Input data ▸

▬▬▬▬▬▬▬▬▬▬

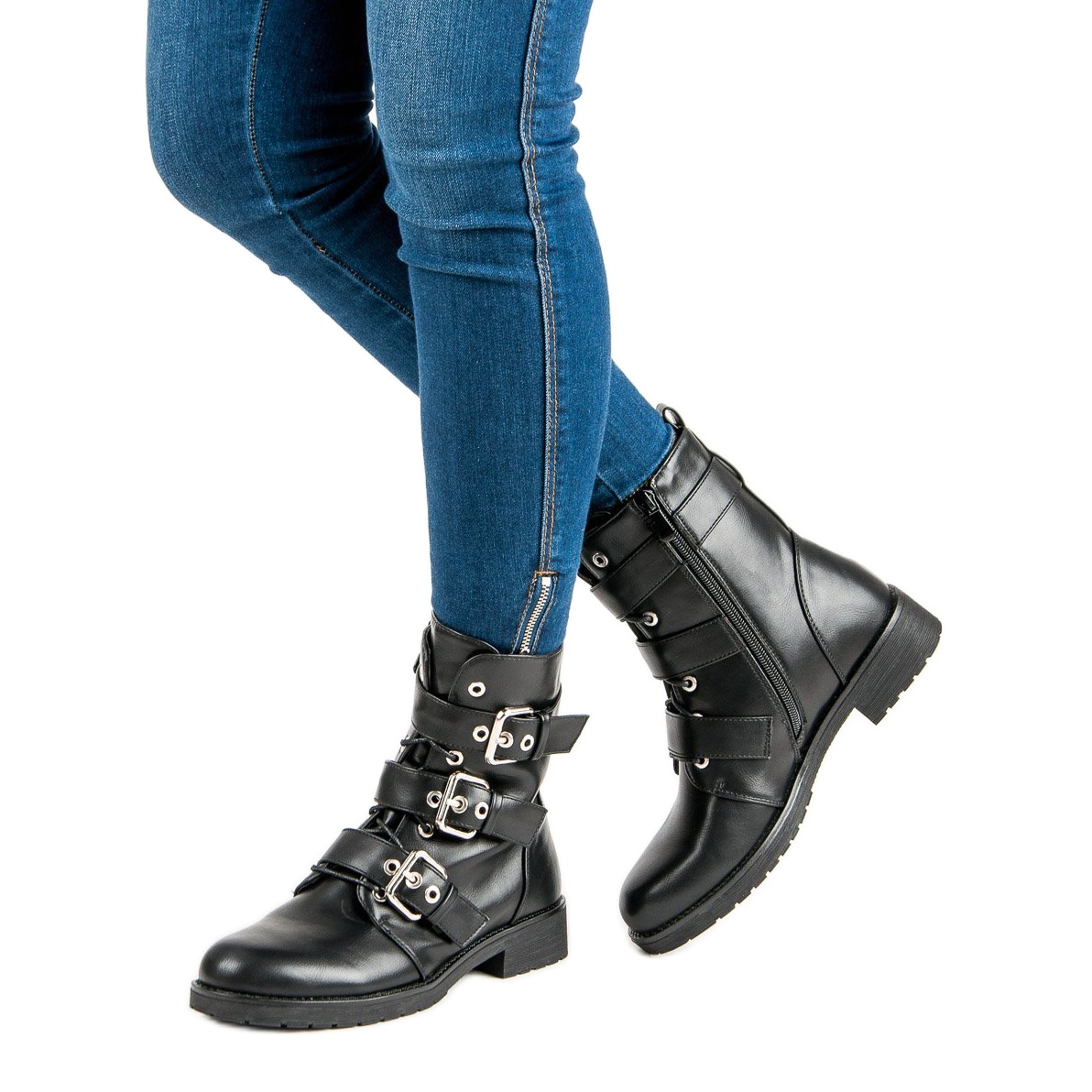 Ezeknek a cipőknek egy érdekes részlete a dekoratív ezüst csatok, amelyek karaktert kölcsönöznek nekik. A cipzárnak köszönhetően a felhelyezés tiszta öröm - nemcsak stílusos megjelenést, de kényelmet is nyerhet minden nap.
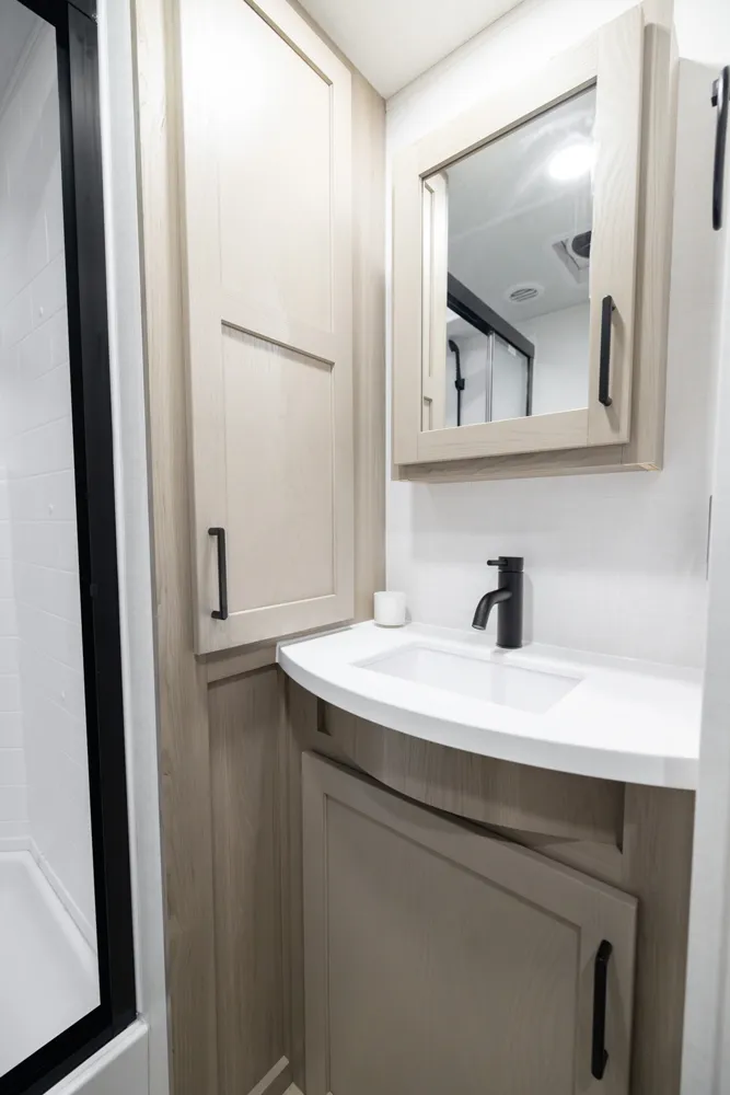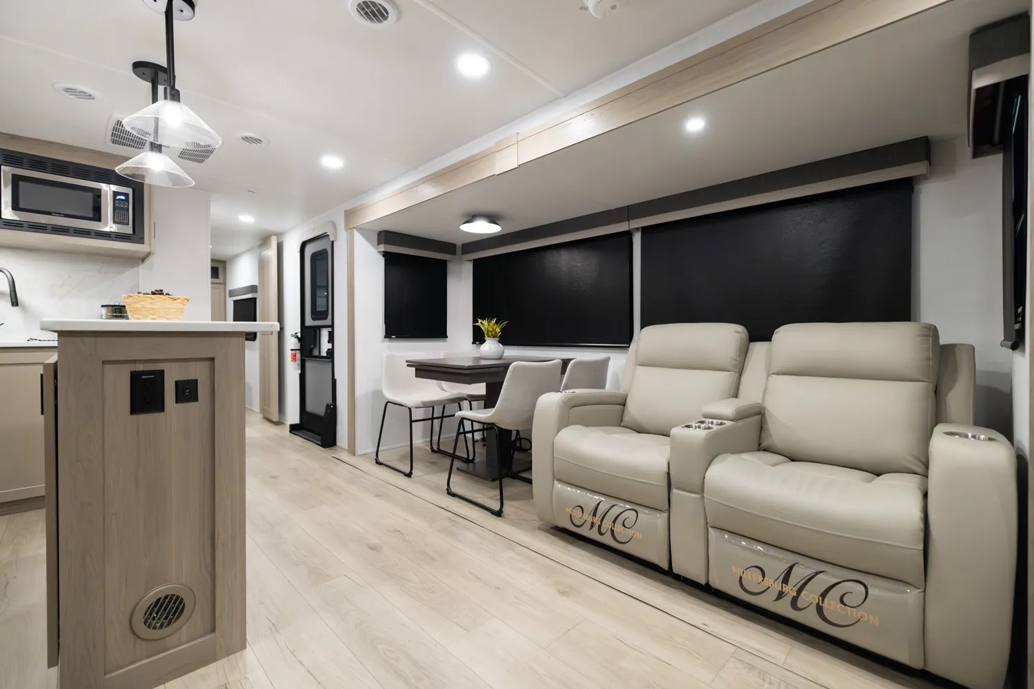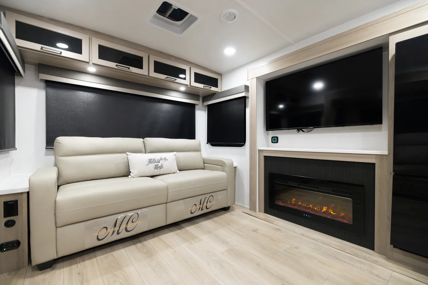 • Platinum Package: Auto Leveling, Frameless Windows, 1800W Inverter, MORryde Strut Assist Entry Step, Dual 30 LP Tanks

▬▬▬▬▬▬▬▬▬▬

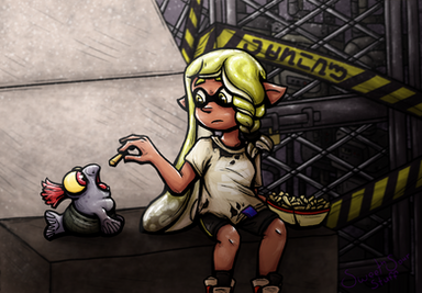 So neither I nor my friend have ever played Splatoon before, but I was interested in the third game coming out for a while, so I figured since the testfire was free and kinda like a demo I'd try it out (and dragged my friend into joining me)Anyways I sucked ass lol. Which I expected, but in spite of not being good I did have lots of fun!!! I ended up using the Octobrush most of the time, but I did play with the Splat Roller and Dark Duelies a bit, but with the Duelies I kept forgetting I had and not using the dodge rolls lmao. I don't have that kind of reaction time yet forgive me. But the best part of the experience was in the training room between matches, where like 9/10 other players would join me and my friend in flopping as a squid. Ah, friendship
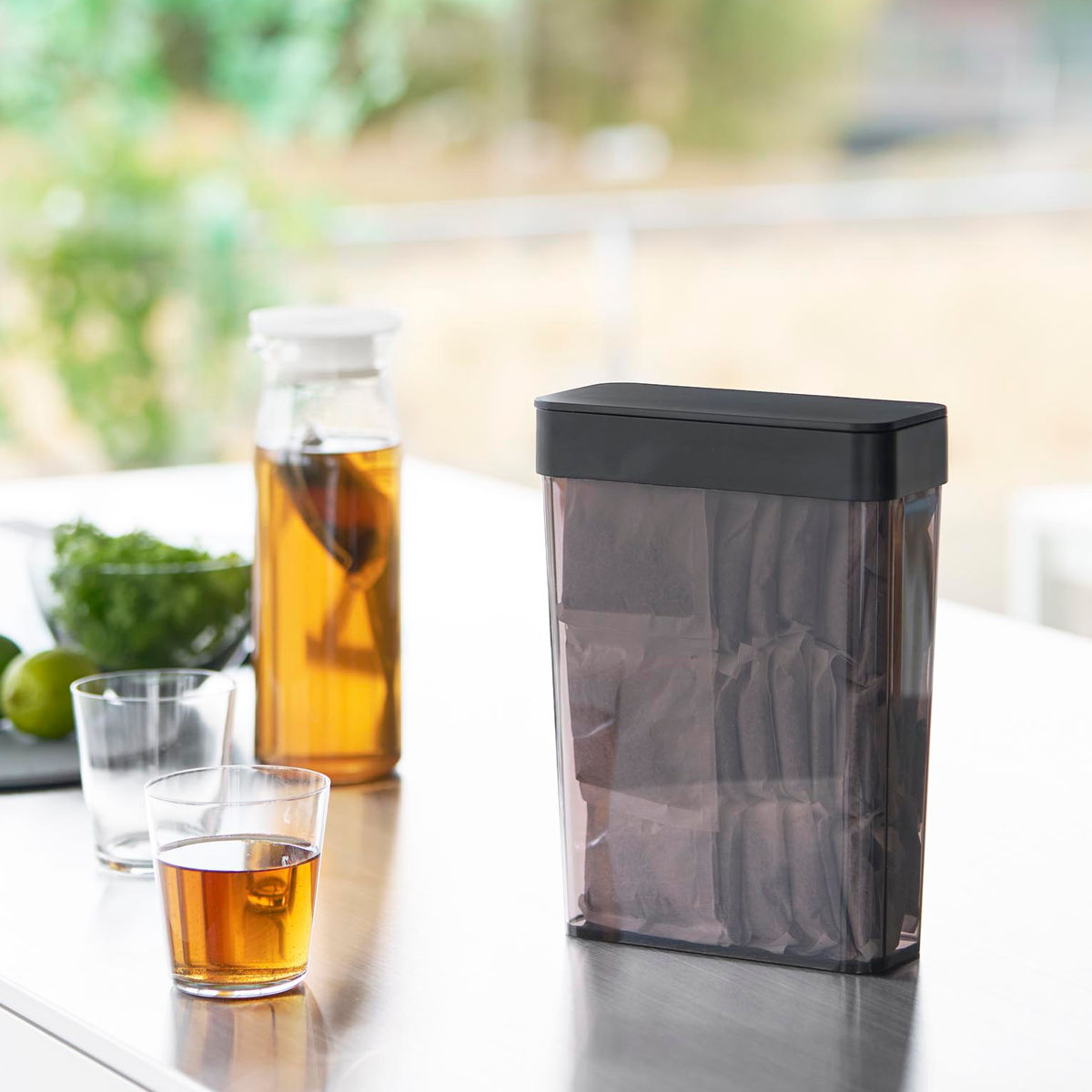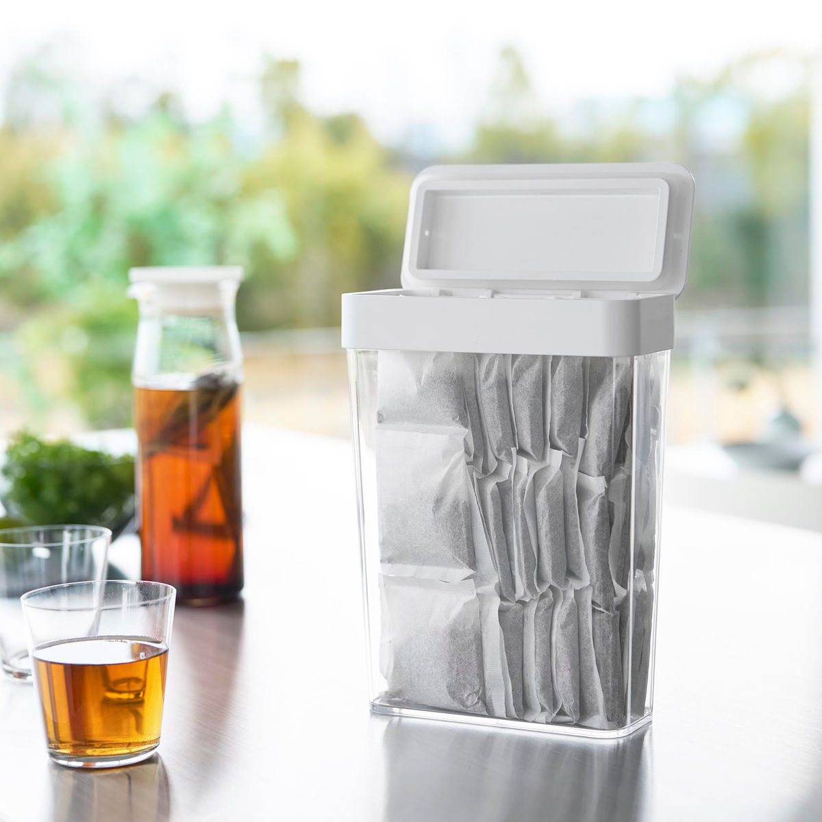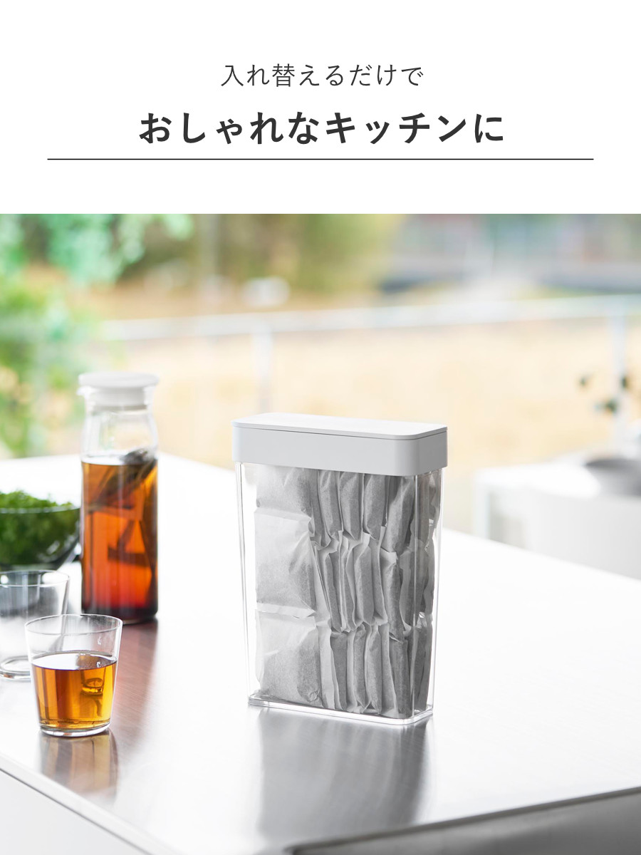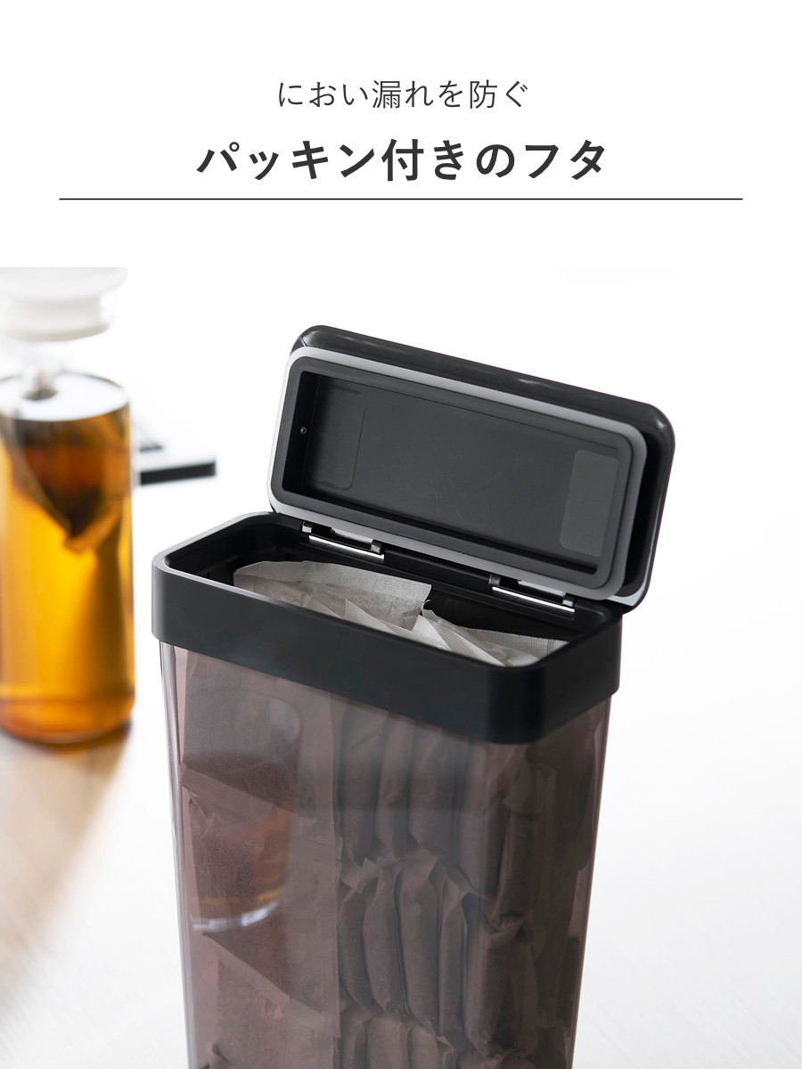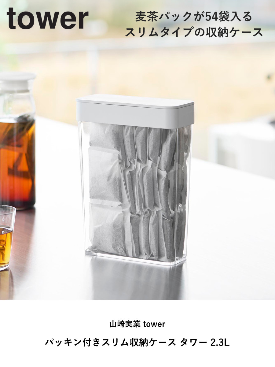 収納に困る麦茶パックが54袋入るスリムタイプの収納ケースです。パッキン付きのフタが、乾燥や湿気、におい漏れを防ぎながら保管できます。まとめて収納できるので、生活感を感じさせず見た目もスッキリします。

▬▬▬▬▬▬▬▬▬▬

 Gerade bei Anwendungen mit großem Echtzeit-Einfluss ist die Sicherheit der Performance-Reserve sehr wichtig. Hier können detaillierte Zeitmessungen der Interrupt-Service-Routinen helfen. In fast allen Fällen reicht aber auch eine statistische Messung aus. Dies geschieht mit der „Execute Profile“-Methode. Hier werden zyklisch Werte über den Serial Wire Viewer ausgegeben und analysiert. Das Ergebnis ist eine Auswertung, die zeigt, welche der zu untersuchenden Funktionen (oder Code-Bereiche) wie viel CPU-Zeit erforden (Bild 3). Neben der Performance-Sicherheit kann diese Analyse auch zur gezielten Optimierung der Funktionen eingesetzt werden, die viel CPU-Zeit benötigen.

▬▬▬▬▬▬▬▬▬▬

Aim of the exercise ▸ An exact copy is needed of the entries above, starting at the line that holds "So neither I" and stopping at the line that holds "収納に困る麦茶パックが54袋", both kept; pictures stay out.

Response to the task ▸
 So neither I nor my friend have ever played Splatoon before, but I was interested in the third game coming out for a while, so I figured since the testfire was free and kinda like a demo I'd try it out (and dragged my friend into joining me)Anyways I sucked ass lol. Which I expected, but in spite of not being good I did have lots of fun!!! I ended up using the Octobrush most of the time, but I did play with the Splat Roller and Dark Duelies a bit, but with the Duelies I kept forgetting I had and not using the dodge rolls lmao. I don't have that kind of reaction time yet forgive me. But the best part of the experience was in the training room between matches, where like 9/10 other players would join me and my friend in flopping as a squid. Ah, friendship
 収納に困る麦茶パックが54袋入るスリムタイプの収納ケースです。パッキン付きのフタが、乾燥や湿気、におい漏れを防ぎながら保管できます。まとめて収納できるので、生活感を感じさせず見た目もスッキリします。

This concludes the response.